I like to see how scientists draw conclusions from facts: that the 50-year-old Mungo Man had severe osteoarthritis in his right elbow, meaning he could not have thrown a spear. That the ochre his body had been painted with before burial was not found within 100km of the area, causing speculation about its importance in a burial ritual at a time when humans weren't known to have such spiritual or cultural sophistication.

With all of this swirling in our heads we jump back into the van and drive a few minutes to see the Walls of China up close.

The crescent-shaped 30km dune system, also called the Mungo lunette, is up to 30m high in places and dotted with mini hills that make me think of something resembling a stalagmite crossed with the Pinnacles.

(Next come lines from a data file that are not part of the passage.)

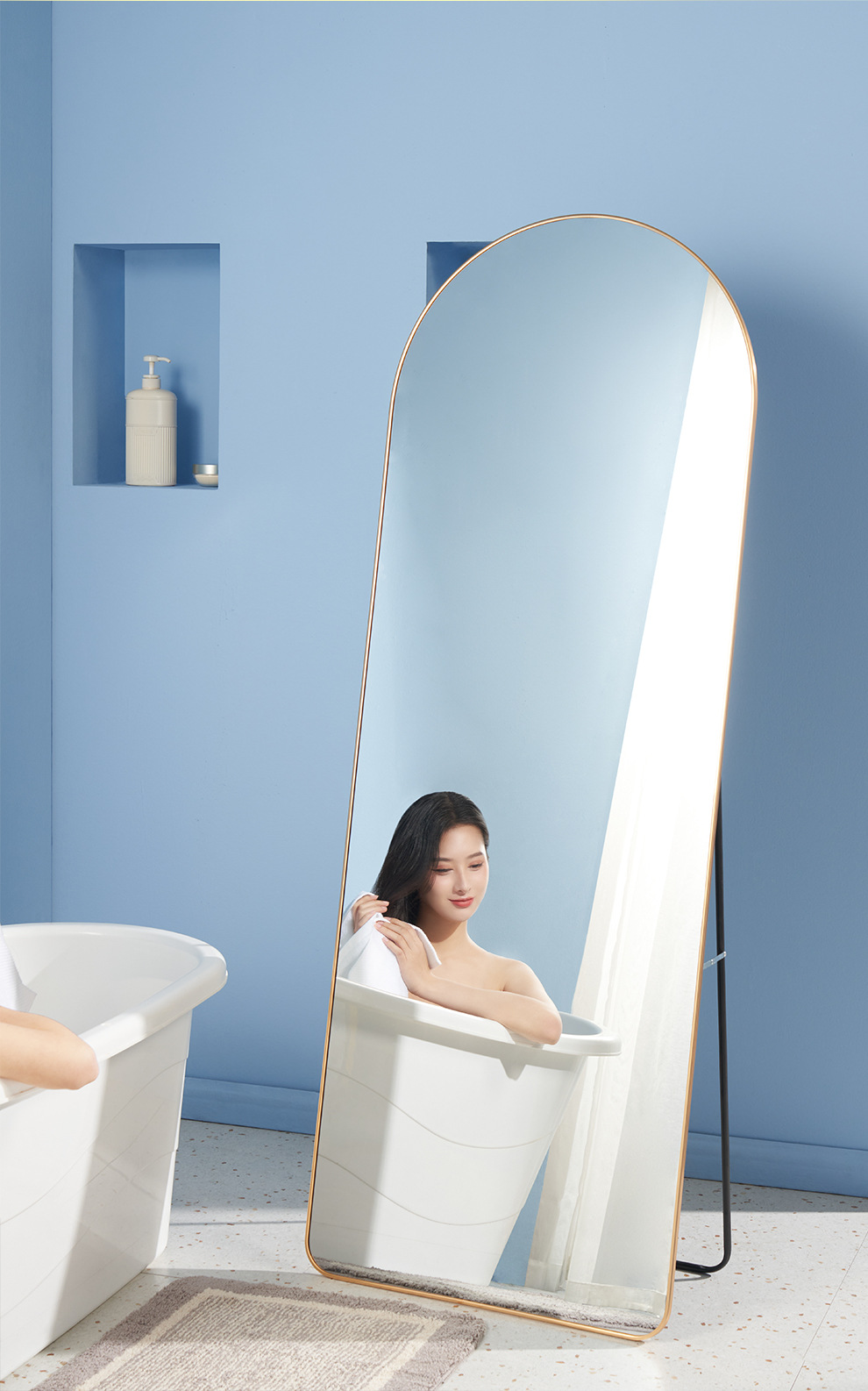 全身鏡 アーチ型姿見鏡 インターネットで話題の服飾店試着鏡 モダンでシンプルな写真撮影・ライブ配信用大型鏡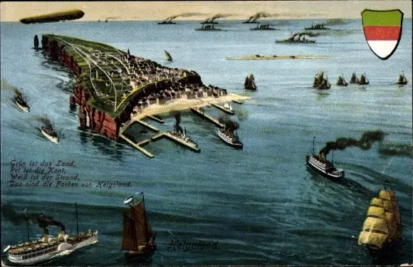 Ak Helgoland, Gesamtansicht der Insel, Wappen
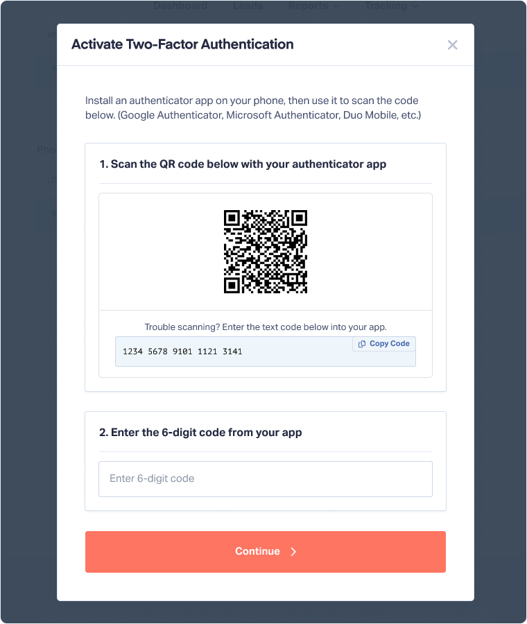 When you log in to your WhatConverts account for the first time, you’ll be prompted to set up Two-Factor Authentication using an authenticator app.

Trevor tells us the sandhills are made of many layers of clay, salt and sand blown up from the lake as it dried out. As grazing stock and rabbits cleared vegetation from the area during the past 150 years, this led to greater erosion from wind and rain. You can see where water has coursed down the dune, leaving deep tracks in the sediment.

The dune system is up to 30m high in places / Pictures: Kelly Fitzgerald

Trevor kneels down and shows us some wombat teeth buried in the sand, and at another spot the remains of a fireplace that has been dated at thousands of years old.

You can appreciate how quickly the sands shift here. As we walk higher on the dune the air is swirling with it.

The wind is whipping so strongly that it snatches the hat off another visitor and flings it off the far edge of the dune where he has no chance of retrieving it. My husband laughs: "Fifty thousand years from now someone's going to find that and think we all wore stupid hats."